Historians have drawn connections between Cleveland's economic vitality and its high levels of immigration. For many years, a continuous influx of immigrants helped keep neighborhoods vibrant and create jobs.
So what went wrong?
The decline of the steel and manufacturing industries can be seen as early as the 1960s, when Cleveland's population started its decline. A lack of planning, along with urban sprawl and middle-class flight to the suburbs over the last few decades, has concentrated poverty in Cleveland's inner-city neighborhoods. The city now finds itself in the shaky position of supporting legions of low-income residents without its former business or residential tax base.

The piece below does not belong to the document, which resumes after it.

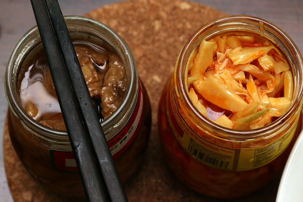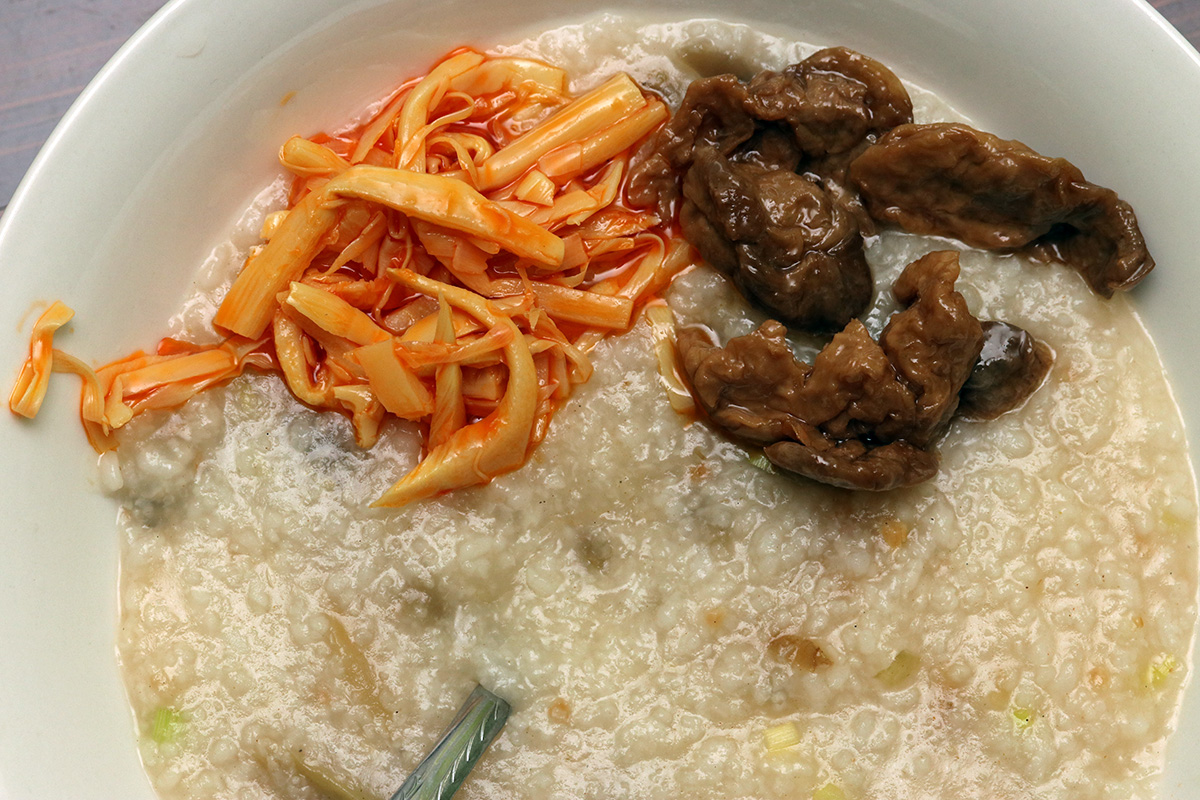 i decided to make some rice porridge with the leftover rice i had in my fridge. while that was simmering, i took a shower. i don't eat a lot of rice porridge here at home, but back when i lived in chongqing it was a dinner staple. that's just because there are a lot of side dishes to find where i lived, but here not so much. i made some pretty savory rice porridge if i recall, i'll need to dig up my recipes, or at least look at some photos to see what kind of stuff i put in. my final rice porridge for tonight had a weird consistency because i was using partially cooked rice. i also added some pickled mustard greens, some fried shallots, some scallions, and a bit of minced ginger for flavor. it tasted pretty good all by itself despite the weird consistency. i used 4 cups of water based on my mother's advice, but had to add an extra cup when the porridge started to look a little dry. i ate it with some pickled bamboo shoots and chinese glutens.

Last year, Cleveland earned the unflattering distinction of poorest city in the nation.
Heated debate over the outsourcing of jobs to countries such as China, India and Mexico, along with a general economic malaise, have left local residents, and even some politicians, wary of inviting or encouraging immigration to Cleveland.
There's a general sense, especially among small-business immigrants, that city officials don't know what to do. Adrian Ortega, a Mexican immigrant, says Cleveland needs to streamline its rules, to think like an urban center and foster small retail businesses — the kind that low-income immigrants often seek.
"The problem is they're trying to develop Cleveland as a suburb and it's not built that way," he observes.
Ten years ago, Ortega decided to open a restaurant. He bought a piece of land and drew up the blueprints. After the necessary stamps of approval from city officials, Ortega started construction. Suddenly, a second letter arrived from City Hall. It said that he would not be able to open his restaurant because there wasn't adequate parking on city streets.
Wait a minute, Ortega remembers thinking. The city already approved the blueprints. Besides, why was parking even an issue? To Ortega, a city wasn't about cars, it was about storefronts and housing and pedestrian traffic. But he had no choice. Ortega, who also had money from a jewelry business, stopped in the middle of construction and found another property.
"Can you imagine if someone had only that as their investment and loan? He would be fried," Ortega says.
Immigrants tell countless stories of pretzel-shaped city regulations that just don't make sense or laws they never knew existed until it was too late.
Rafael Davila, a first-generation Mexican American, recently formed Latinos Unidos to create a political voice among Latinos and help immigrants network and address social issues. Davila says that immigrant and minority communities have to produce and identify opportunities themselves. Along with advocates from Arab-American, Hispanic, African-American, Chinese, Albanian, Slovenian, Vietnamese and Jewish communities, Davila sits on the board of the newly formed Immigrant and Minority Business Development Alliance, which met for the first time last August.
The alliance, which intends to provide better access to available resources, also includes Rose Zitiello, a representative from the city's community-development office. Zitiello helped form the group's agenda.
By including both immigrant and African-American entrepreneurs, alliance members hope to quell suspicions that the two sides are in competition for the same pool of money. Misunderstandings over what immigrants can add to a city's revitalization are pervasive.
There's even friction, at times, between the African-American community and other minority groups, which claim they are overlooked by a black-white dichotomy and a narrow dialogue about race in Cleveland.
"The whole mentality about minorities in Cleveland always caters mainly to the black community," says Davila. "Others tend to be ignored." On the other hand, any strictly immigrant initiative often leaves some black entrepreneurs feeling left out.
Danny Williams, a senior vice president of the Greater Cleveland Partnership, has watched such attitudes coalesce, though he says they are not always grounded in fact.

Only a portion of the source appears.